As the two women eased the wounded man onto the blanket after removing his gun belt, he groaned and opened his eyes briefly. Tessa, who’d thought at first he was a stranger, tensed, recognizing him as the man who’d humiliated her when Peppin halted her near Dolan’s store.
They were rescuing an enemy.
“What’s the matter?” Susan asked as Tessa stopped helping her. She cast an uneasy glance at the spot where Dolan sharpshooter’s waited.
“Nothing.” There was no point in making Susan more upset than she already was. Tessa forced the blanket ends nearest her together.
He was a stocky man, heavy, and hard to pull across the ground to Tunstall’s store. Perspiration beaded Tessa’s face and trickled between her breasts by the time they reached the nearest door which led to part of the store where Susan and the Ealy’s lived.
Susan hurried to fetch cloths and a basin of water then started to wash the blood from the man’s head, but Tessa, after she’d hidden his Colt and gun belt in a hall cupboard, couldn’t bring herself to help.
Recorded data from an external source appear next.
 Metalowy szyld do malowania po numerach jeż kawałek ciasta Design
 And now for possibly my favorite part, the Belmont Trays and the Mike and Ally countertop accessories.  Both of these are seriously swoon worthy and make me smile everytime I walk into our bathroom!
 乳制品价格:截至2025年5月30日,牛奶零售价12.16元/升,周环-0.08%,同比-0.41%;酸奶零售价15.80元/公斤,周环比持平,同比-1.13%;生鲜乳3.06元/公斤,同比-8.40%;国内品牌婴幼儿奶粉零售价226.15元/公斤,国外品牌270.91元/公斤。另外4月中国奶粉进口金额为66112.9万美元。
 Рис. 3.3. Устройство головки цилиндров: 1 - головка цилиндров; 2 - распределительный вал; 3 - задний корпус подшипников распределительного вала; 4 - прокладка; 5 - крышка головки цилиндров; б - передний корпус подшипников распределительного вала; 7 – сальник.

She stood back watching Susan,
It was all very well to be a good Samaritan, but she didn’t want to touch the red-haired man.
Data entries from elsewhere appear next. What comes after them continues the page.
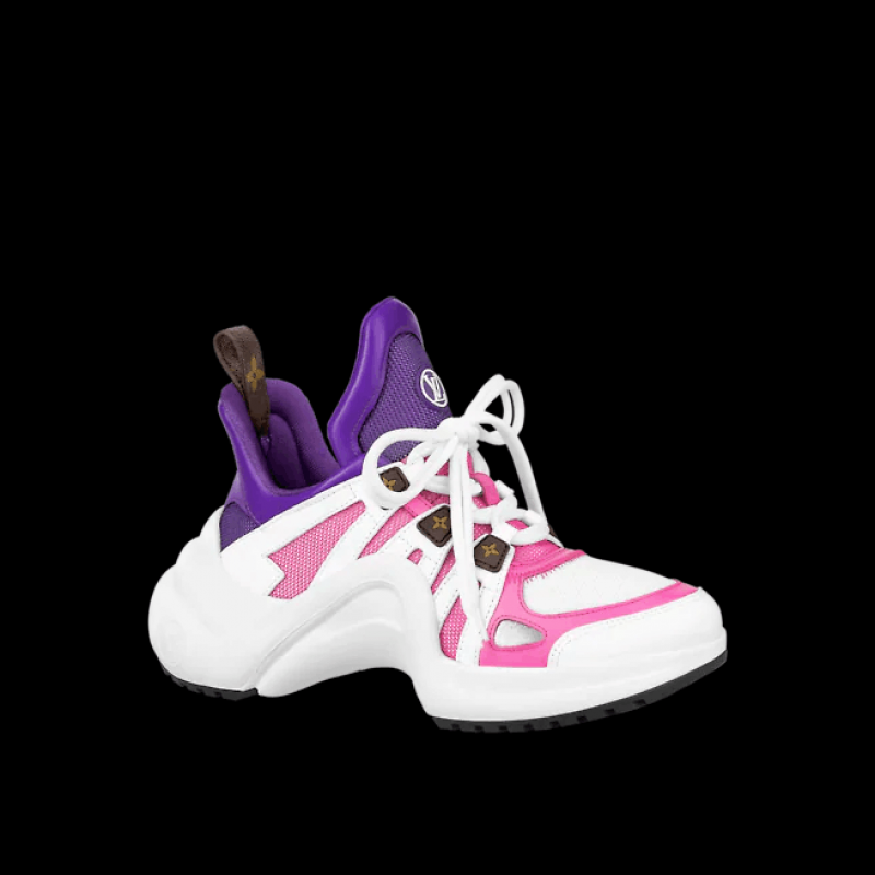 這款LV Archlight運動鞋以白色小牛皮演繹全新造型,綴有多種色調,突顯鞋面的幾何結構。經典設計綴有彈力波浪形鞋底,低調地增添高度,並採用特大鞋舌及柔美的腳踝低筒設計。
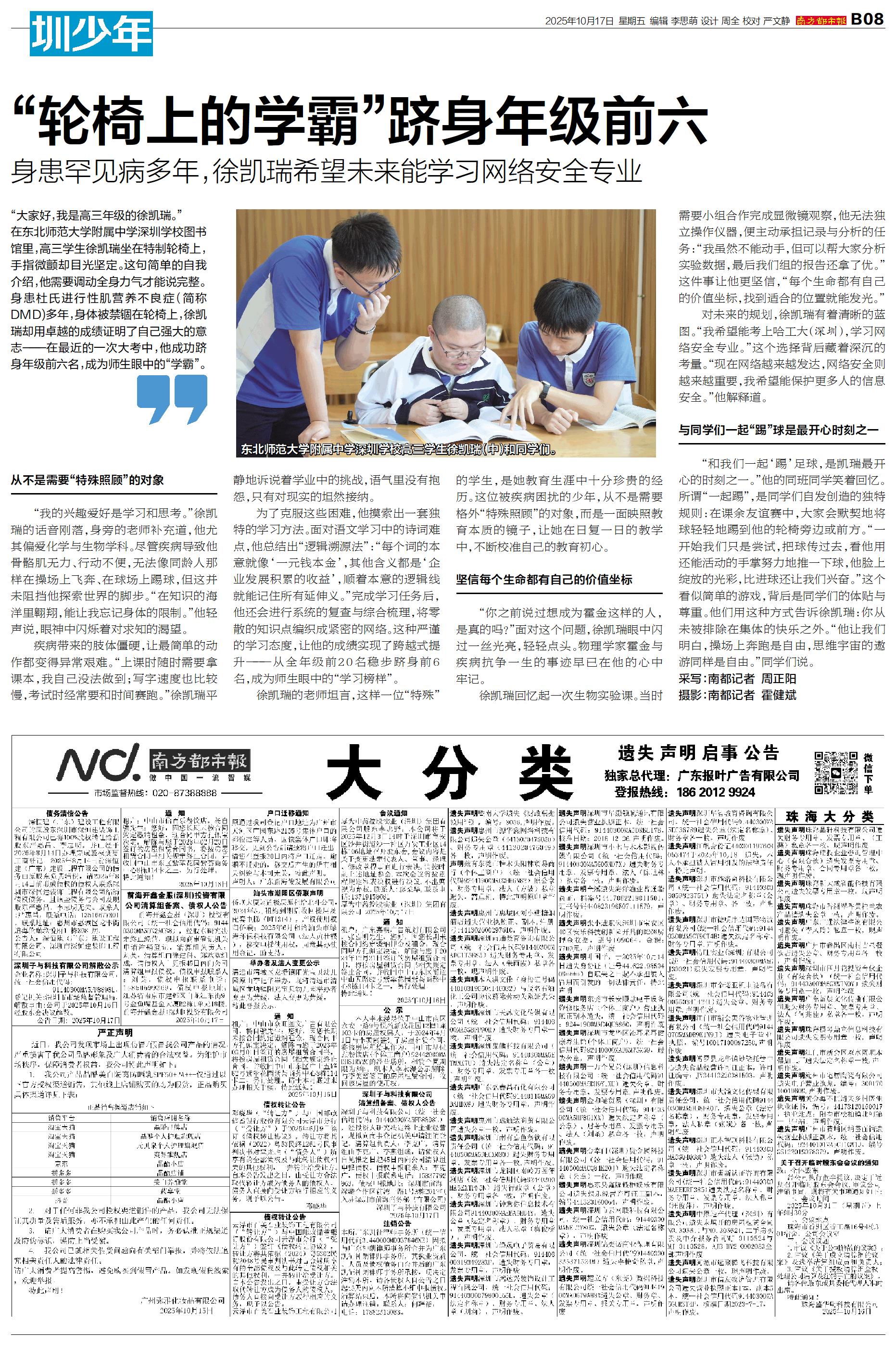 “大家好,我是高三年级的徐凯瑞。” 在东北师范大学附属中学深圳学校图书馆里,高三学生徐凯瑞坐在特制轮椅上,手指微颤却目光坚定。这句简单的自我介绍,他需要调动全身力气才能说完整。 身患杜氏进行性
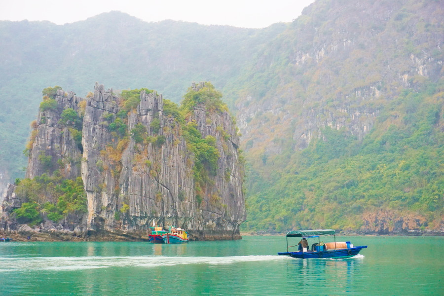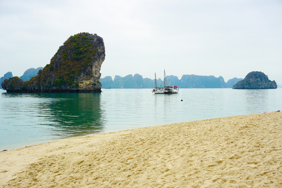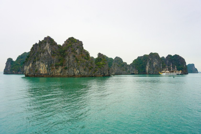 Qui n’a jamais rêvé à l’évocation de la baie d’Halong? Cette baie naturelle du golfe du Tonkin composée de près de deux mille îles karstiques composées de calcaire et s’étendant sur 43’000 hectares? Nous, nous en rêvions depuis longtemps. Nous en rêvions tellement que nous appréhendions d’y aller de peur d’être déçus, surtout que ces dernières années, les visiteurs ont été virulents dans leurs critiques. (montagnes de déchets, hordes de touristes, trop de bateaux, etc…). Nous ne sommes donc pas totalement sereins et réjouis quand nous embarquons sur le bateau qui nous fera découvrir cette beauté naturelle pendant deux jours et une nuit.
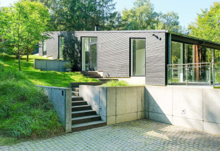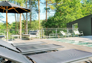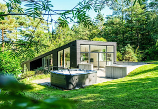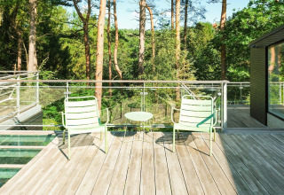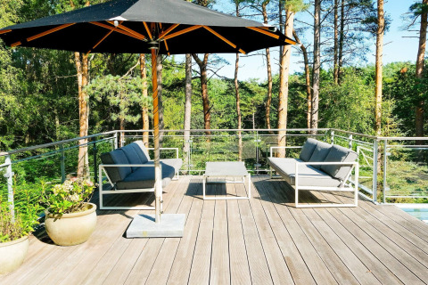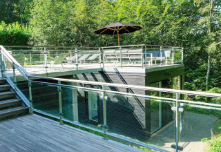Buiten vind je verschillende ruime terrassen, zowel overdekt als open. Er is altijd wel een plekje met zon of net wat beschutting waar je rustig kan ontbijten, lang tafelen of gezellig aperitieven. Door het hellende perceel ligt het huis mooi bovenop een heuvel, wat je dat bijzondere boomhutgevoel geeft. Kijk zeker uit naar bezoek van lokale dieren: reeën en eekhoorns laten zich hier regelmatig in de tuin zien.

He opened his eyes and immediately reached a hand toward his head.
“Don’t,” Susan said mildly. “You’ve been wounded.”
He paid no attention, pushing away her arm and probing his wound.
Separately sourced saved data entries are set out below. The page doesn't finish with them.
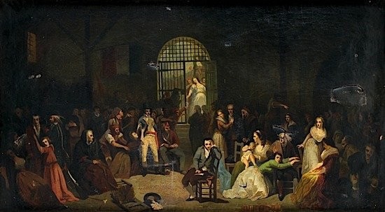 Robespierre, blessé par balle au visage et gisant sur un brancard, rejoint ses compagnons à la Conciergerie emprisonnés dans la nuit ou en début de matinée.
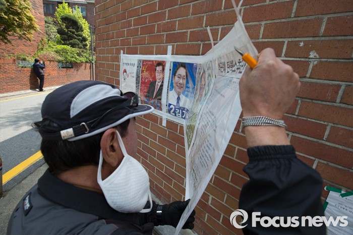 (서울=포커스뉴스) 제20대 국회의원 선거가 끝난 14일 오후 서울 서초구 일대에서 서초3동 주민센터 직원이 벽보를 철거하고 있다.
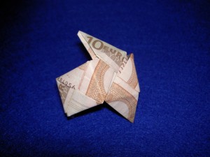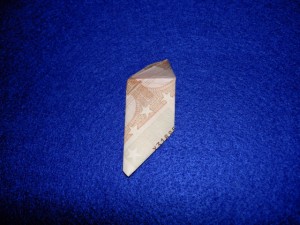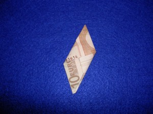 Schließlich hast Du alle sechs Geldschein-Rauten ineinander gesteckt. Für die letzten beiden Spitzen brauchst Du vielleicht etwas Geduld.
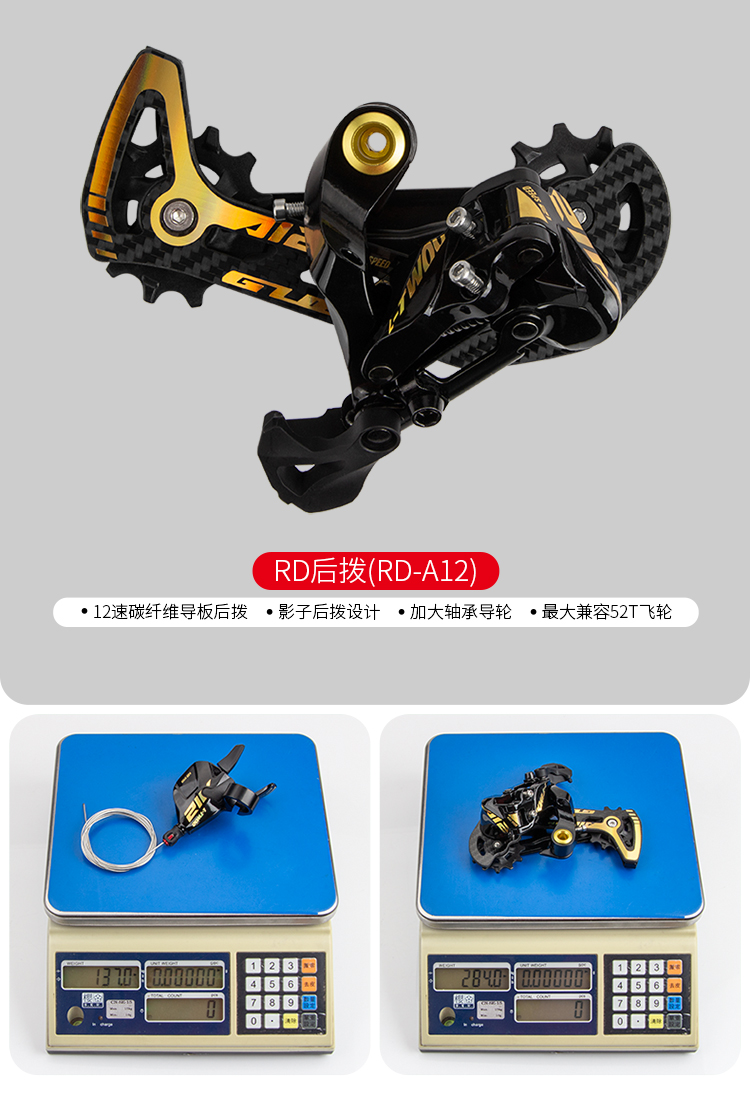 后撥:12速碳纖維導(dǎo)板后撥,影子后撥設(shè)計,加大軸承導(dǎo)輪,最大兼容52T飛輪

“Just a crease.” he muttered, wincing. He tried to sit up.
“I think you ought to rest,” Susan objected.
He seemed to really see her for the first time. “You’re the Gates woman,” he said, lying back. He glanced from side to side and spotted Tessa. His eyes widened.
“Yes, I’m Susan Gates.”
He looked back at Susan. “Hank Kilgore,” he muttered. “How’d I get in here?”
“We saw you lying in the field to the east. You’d been shot.”
Frowning, Hank made another attempt to sit up. Susan helped him. He drew up his knees, put his arms about them and leaned forward, head down.
“Hurts something fierce.”
“I’1l see if I can find some opium,” Su
san said.
Tessa hurried after her as Susan left the room.
“Mr. Kilgore is one of Dolan’s men,” she whispered to Susan. “And not a very nice one.”
“I can’t see that it makes a difference. It’s our duty to take care of the injured.”
“I don’t trust him. I don’t trust any Dolan man.” Tessa bit her lip as soon as she’d spoken, for Susan knew very well that Mark Halloran had brought back Ezra at Tessa’s request.
“I especially can’t trust Mr. Kilgore,” she went on. “He--”
Jules called to Tessa from where he lay on a cot. She broke off to go to him.
“I want my own bed,” he complained. “It’s lonesome here.”
Tessa could see for herself that Jules was much better, but she didn’t dare leave Susan alone in the store with Hank Kilgore.
“We’ll wait for Dr. Ealy to return,” she told him. “If he says it’s all right, I’ll take you back to Uncle Alex’s.”
Tessa stayed with Jules for a time, telling him the story he liked best, about how his great-great-great-grandfather Nesbitt, fighting for England in the war against Spain, had saved his company from death by a daring ruse.
“When I grow up, I’m going to be a brave soldier too, Jules told her.
“You don’t have to be a soldier to be brave.”
“Ezra is brave,” he said. “Like Billy.”
Tessa frowned, but said nothing. She hoped she wouldn’t have to dissuade Jules from
tagging after Billy the way Ezra did. She was so tired of shooting and killing. Was there no place in the West where people lived in peace with one another?
Tessa sought out Susan, found her leaving the room where Hank Kilgore lay on the floor. “I think the opium is putting him to sleep,” Susan whispered.
Tessa peered in at him. He looked harmless enough, curled on his side, eyes closed. And Susan was right. They couldn’t have left him in the field, even if she’d known beforehand who he was.
The Ealy’s returned in the early afternoon and the doctor got Hank in a chair to examine his head. “Most likely a brain concussion from the bullet striking against your skull,” he told him. “That’s what knocked you out. You’ll have a headache for a day or two.”